KIRK MAKIN
Globe and Mail Update Published on Thursday, Oct. 02, 2008 4:12PM EDT Last updated on Tuesday, Mar. 31, 2009 8:53PM EDT
The Supreme Court of Canada today restored a three convictions for sexual assault to a B.C. man who had sexual intercourse with his stepdaughter three decades ago.
In a 7-0 ruling, Chief Justice Beverley McLachlin concluded that, contrary to a B.C. Court of Appeal finding, the trial judge in the case had provided sufficiently cogent reasons for finding him guilty.
The complainant in the case testified to 11 incidents of sexual assault by her stepfather – identified only as R.E.M. – when she was between the ages of 9 and 17.
R.E.M. had admitted to having sexual intercourse with the complainant - C.J. – at their home in Fort St. John, but he claimed that their relationship only became sexual after she was 15 – and that the intercourse was consensual.
The age of consent for minors at the time was 14. C.J. became pregnant by her stepfather in 1979 and gave birth to a son in 1980.
C.J. reported the sexual assaults in 1988. R.E.M. – who then lived in Washington State – was arrested when he arrived in Canada for a parental visit with another child. Granted bail, he absconded. He was arrested and extradited to Canada in 2003.
The judge at R.E.M.'s trial accepted most of the 45-year-old complainant's evidence as being credible, noting that some modest mistakes can be expected when a middle-aged adult is attempting to recall events that took place in childhood.
However, the B.C. Court of Appeal overturned his ruling on the basis that the trial judge's reasons had not adequately backed up his conclusions.
It said that he failed to mention some of R.E.M.'s evidence and make general comments about it; did not reconcile his generally positive findings on the complainant's evidence with the rejection of some of her evidence; and that he did not explain why he rejected R.E.M.'s denial of the charges.
In today's Supreme Court ruling, Chief Justice McLachlin attempted to define the line that divides unacceptable judicial reasons from those that are adequate.
She noted that judicial reasons were scanty and cryptic in the 19th and early 20th century, but there is now a strict requirement that a judge provide his or her thinking process in arriving at a finding.
“The law has progressed to the point where it may now be said with confidence that a trial judge on a criminal trial where the accused's innocence is at stake has a duty to give reasons,” she said.
Chief Justice McLachlin said that proper reasons are now recognized as being vital because they explain the decision to each party, provide public accountability, and provide appeal courts with a strong basis for reviewing a decision.
While general comments about a witnesses' credibility can be helpful, she said that, “it is enough that the trial judge has demonstrated a recognition, where applicable, that the witness's credibility was a live issue.
“Assessing credibility is not a science,” she said. “It is very difficult for a trial judge to articulate with precision the complex intermingling of impressions that emerge after watching and listening to witnesses and attempting to reconcile the various versions of events.”

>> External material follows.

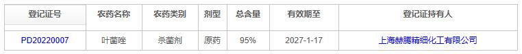 2022年1月18 日,经中国农业农村部审核批准,必一体育官网平台获得新规下的首个95%叶菌唑原药登记证。
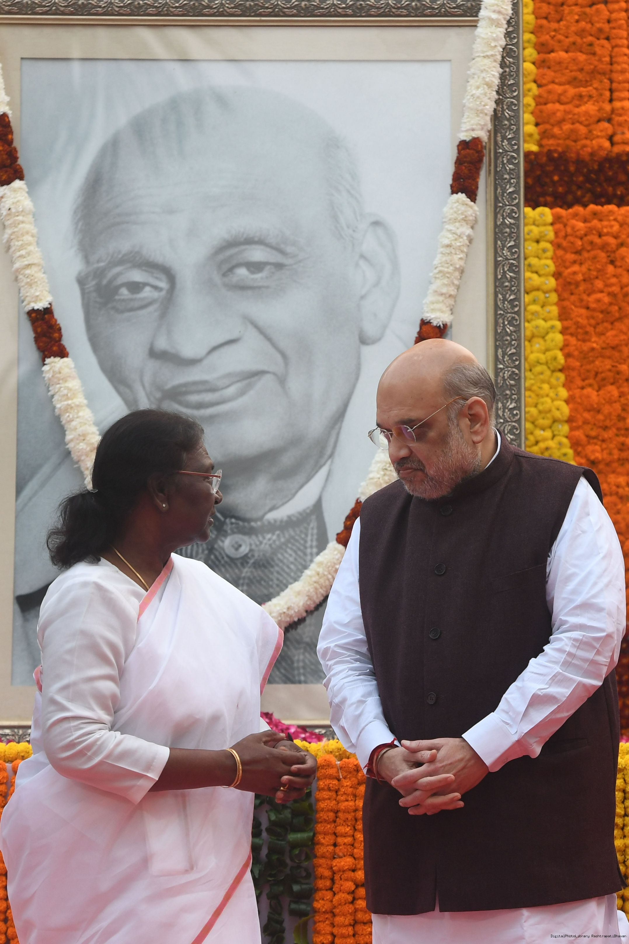 The President of India, Smt. Droupadi Murmu paid floral tributes to Sardar Vallabhbhai Patel on his birth anniversary, at Patel Chowk, in New Delhi on October 31, 2022.

There can also be subtle reasons why a judge may not wish to be overly explicit, she said: “Embellishing why a particular witness's evidence is rejected may involve the judge saying unflattering things about the witness.
“Judges may wish to spare the accused who takes the stand to deny the crime, for example, the indignity of not only rejecting his evidence and convicting him, but adding negative comments about his demeanour.”
Chief Justice McLachlin said that it would also make no sense to require trial judges to laboriously spell out every consideration that went into a finding of credibility or a conclusion of guilt or innocence.
“A trial judge is not obliged to discuss all of the evidence on any given point, provided the reasons show that he or she grappled with the substance of the live issues on the trial,” she added. “It is clear from the reasons that the trial judge considered R.E.M.'s evidence carefully, and indeed accepted it on some points.”
Having made clear that he preferred the complainants evidence over that of R.E.M., she said, “no further explanation for rejecting R.E.M.'s evidence was required.
“The central issue at trial was credibility. It is clear that the trial judge accepted all or sufficient of the complainant's ample evidence as to the incidents, and was not left with a reasonable doubt on the whole of the evidence or from the contradictory evidence of R.E.M.”
The Court also warned appellate courts to guard against “simply sifting through the record and substituting their own analysis of the evidence for that of the trial judge because the reasons do not comply with their idea of ideal reasons.”
It said that the B.C. Court of Appeal fell into precisely this trap when it “ignored the trial judge's unique position to see and hear witnesses, and instead substituted its own assessment of credibility.”